RadVel and exoplanet both have excellent tutorials where they fit for the two planets b and c of the K2-24 system. We will do the same here to show how to fit RV data in Ravest.

**Links:**  
K2-24 paper (Petigura et al. 2015): https://arxiv.org/abs/1511.04497  
RadVel tutorial: https://radvel.readthedocs.io/en/latest/tutorials/K2-24_Fitting+MCMC.html  
exoplanet tutorial: https://gallery.exoplanet.codes/tutorials/rv/  

In [None]:
import matplotlib.pyplot as plt
import numpy as np
import pandas as pd

import ravest.prior
from ravest.fit import Fitter
from ravest.model import calculate_mpsini
from ravest.param import Parameter, Parameterisation

Import the data

In [None]:
url = "https://raw.githubusercontent.com/California-Planet-Search/radvel/master/example_data/epic203771098.csv"
data = pd.read_csv(url, usecols=[1,2,3], names=["errvel", "time", "vel"], skiprows=1)
data

In [None]:
plt.figure(figsize=(15,3.5))
plt.title("K2-24 radial velocity data")
plt.ylabel("Radial Velocity [m/s]")
plt.xlabel("BJD_TDB - 2454833")
plt.errorbar(data["time"], data["vel"], yerr=data["errvel"], marker=".", linestyle="None")
plt.show()

Create a `Fitter` object, and choose which parameterisation to fit with, whether to fix or fit for each parameter, and the initial parameter values.
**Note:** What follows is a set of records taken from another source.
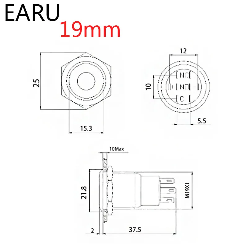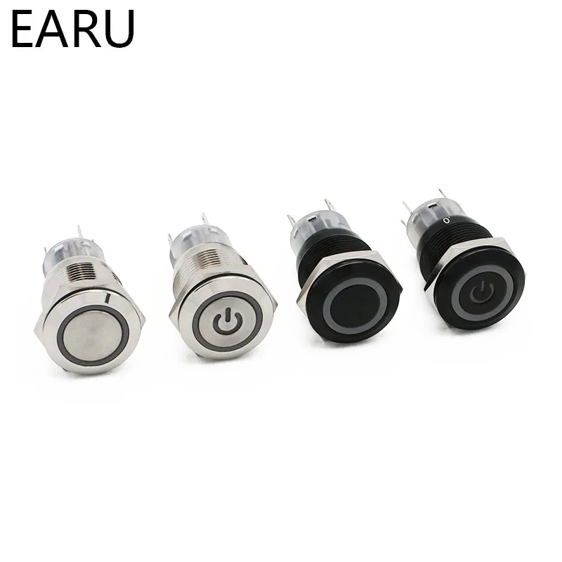 19mm Waterproof Metal Push Button Switch LED Light Black Momentary Latching Auto Car Engine PC Power Switch Red Blue Green White
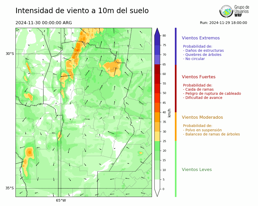• Intensidad máxima: 12.68 km/h (30/11/2024 10hs.)
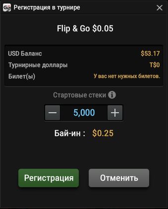 Надоело играть в холдем или омаху? Покер-румы уже не первый год ведут разработки новых форматов, которые бы внесли необычную лепту в привычные всем игры. Некоторые проекты не привлекают внимание игроков, другие же прочно остаются в игровых клиентах и пользуются большой популярностью. Рассказываем о необычных форматах, которые меняют представление о покере. Flip&Go (GGпокерок) В начале января на GGпокерок появились Flip&Go - турниры, где уже спустя пять минут вы можете попасть в деньги, а на префлопе сначала раздают по три карты вместо двух. Первое нововведение появляется во время оплаты бай-ина: вместо обычных ребаев и адд-онов вы сразу можете внести несколько взносов и получить увеличенный стек. Например, в турнире за $0.05 дается стартовый стек 1,000 фишек, можно заплатить $0.25 и получить 5,000 фишек. Сам турнир состоит из двух стадий. Сначала игроки оказываются за 8-макс столом и автоматически идут олл-ин каждую раздачу. Перед олл-ином всем раздается по три карты вместо двух, при
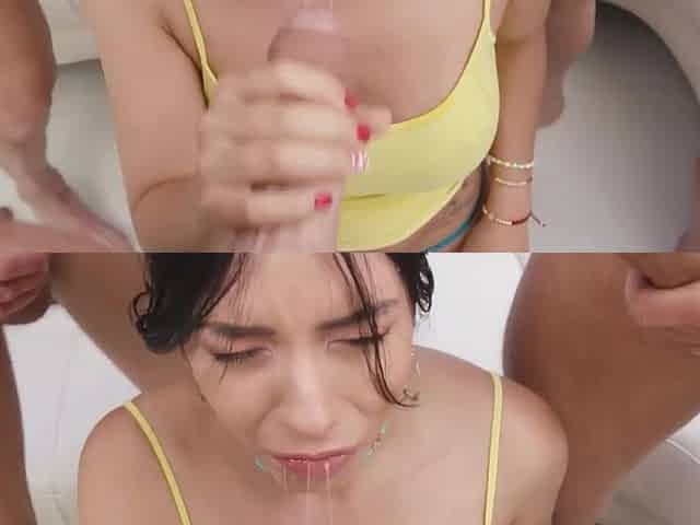 Selbe Lynn gets pounded by three guys, explodes with pleasure, and receives multiple BBC facials
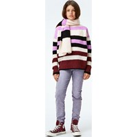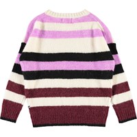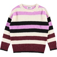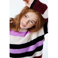 Geneen is a striped knit top in white, purple, dark red and black.
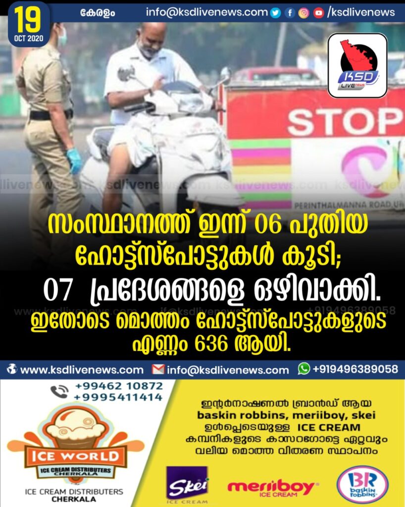 സംസ്ഥാനത്ത് ഇന്ന് 06 പുതിയ ഹോട്ട്സ്പോട്ടുകള് കൂടി; 07 പ്രദേശങ്ങളെ ഒഴിവാക്കി.ഇതോടെ മൊത്തം ഹോട്ട്സ്പോട്ടുകളുടെ എണ്ണം 636 ആയി.
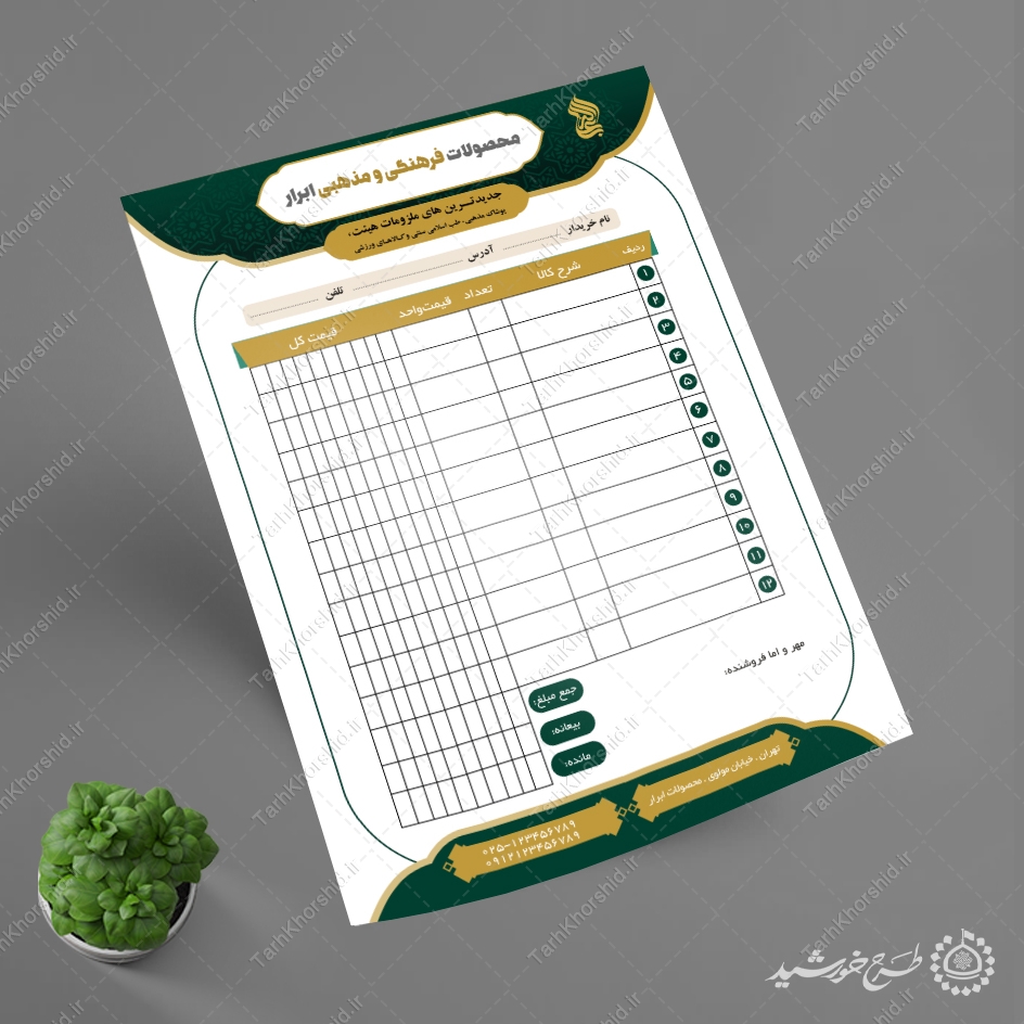 • طرح های مرتبط با فاکتور فروش فرهنگی مذهبی را میتوانید در قسمت آرشیو مشاهده نمایید.
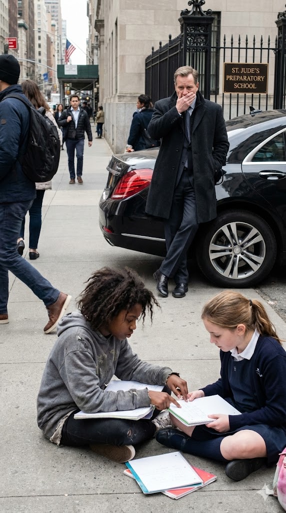 Beside her sat a girl in ragged clothes, a backpack held together with duct tape at her feet. Her hair was unkempt, her shoes clearly too large. Homeless—Nathan recognized the signs immediately.
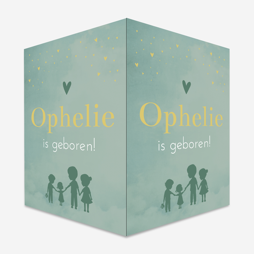 Super mooi raambord in groenige kleur van twee grote broers en een zus die hun kleine zusje aan de hand houden en verwelkomen in het gezin. De kleur van het raambord Ophelie is mint groen/ blauw van kleur en kan aangepast worden naar iedere gewenste kleur. Wil je liever een andere illustratie/ gezinssamenstelling? Dit kun je in de editor vinden. Staat jouw combinatie er niet bij? Stuur ons dan een mailtje, dan maken wij het voor je!

We can fit a circular model by fixing eccentricity $e=0$ (the argument of periapsis $\omega_\star$ is now degenerate and can be fixed at any value, by convention we fix at $\pi/2$.) The reference zero-point time `t0` is used for linear and quadratic trends terms $\dot{\gamma}$ and $\ddot{\gamma}$.

In [None]:
fitter = Fitter(planet_letters=["b","c"], parameterisation=Parameterisation("per k e w tc"))
fitter.add_data(time=data["time"].to_numpy(), 
                vel=data["vel"].to_numpy(), 
                verr=data["errvel"].to_numpy(), 
                t0=2420)

# Construct the params dict
# These values will be used as your initial guess for the fit
params = {"per_b": Parameter(20.8851, "d", fixed=True),
          "k_b": Parameter(10, "m/s", fixed=False),
          "e_b": Parameter(0, "", fixed=True),
          "w_b": Parameter(np.pi/2, "rad", fixed=True),
          "tc_b": Parameter(2072.7948, "d", fixed=True),

          "per_c": Parameter(42.3633, "d", fixed=True),
          "k_c": Parameter(10, "m/s", fixed=False),
          "e_c": Parameter(0, "", fixed=True),
          "w_c": Parameter(np.pi/2, "rad", fixed=True),
          "tc_c": Parameter(2082.6251, "d", fixed=True),
          
          "g": Parameter(0, "m/s", fixed=False),
          "gd": Parameter(0, "m/s/day", fixed=False),
          "gdd": Parameter(0, "m/s/day^2", fixed=True),
          
          "jit": Parameter(0, "m/s", fixed=False),}

fitter.params = params
fitter.params

Define the prior functions for the free parameters. You can see a list of available prior functions at `ravest.prior.PRIOR_FUNCTIONS`.

In [None]:
ravest.prior.PRIOR_FUNCTIONS

In [None]:
# Construct the priors dict. Every parameter that isn't fixed requires a prior.
priors = {
          "k_b": ravest.prior.Uniform(0,20),
          "k_c": ravest.prior.Uniform(0,20),

          "g": ravest.prior.Uniform(-10, 10),
          "gd": ravest.prior.Uniform(-1, 1),
          
          "jit": ravest.prior.Uniform(0, 5),
         }

fitter.priors = priors
fitter.priors

Now that we have loaded the `Fitter` with the data, our parameterisation, our initial parameter values, and priors for each of the free parameters, we can now fit the free parameters of the model to the data.  
  
First, Maximum A Posteriori (MAP) optimisation is performed to find the best-fit solution.

In [None]:
map_results = fitter.find_map_estimate(method="Powell")
map_results

Then, MCMC is used to explore the parameter space and estimate the parameter uncertainties. For the purposes of making this notebook run quickly, this is only running for 10000 steps - you should run considerably more. `ravest` enforces a minimum of at least 2 walkers per each free parameter, again though you should consider running more. You should also consider using randomly initialised starting points, rather than the MAP solution, to better explore the parameter space.

In [None]:
nwalkers = 2 * len(fitter.free_params_dict)
nsteps = 10000

# Fit the free parameters to the data
fitter.run_mcmc(initial_values=map_results.x, nwalkers=nwalkers, nsteps=nsteps, progress=True)  # This will take a few minutes!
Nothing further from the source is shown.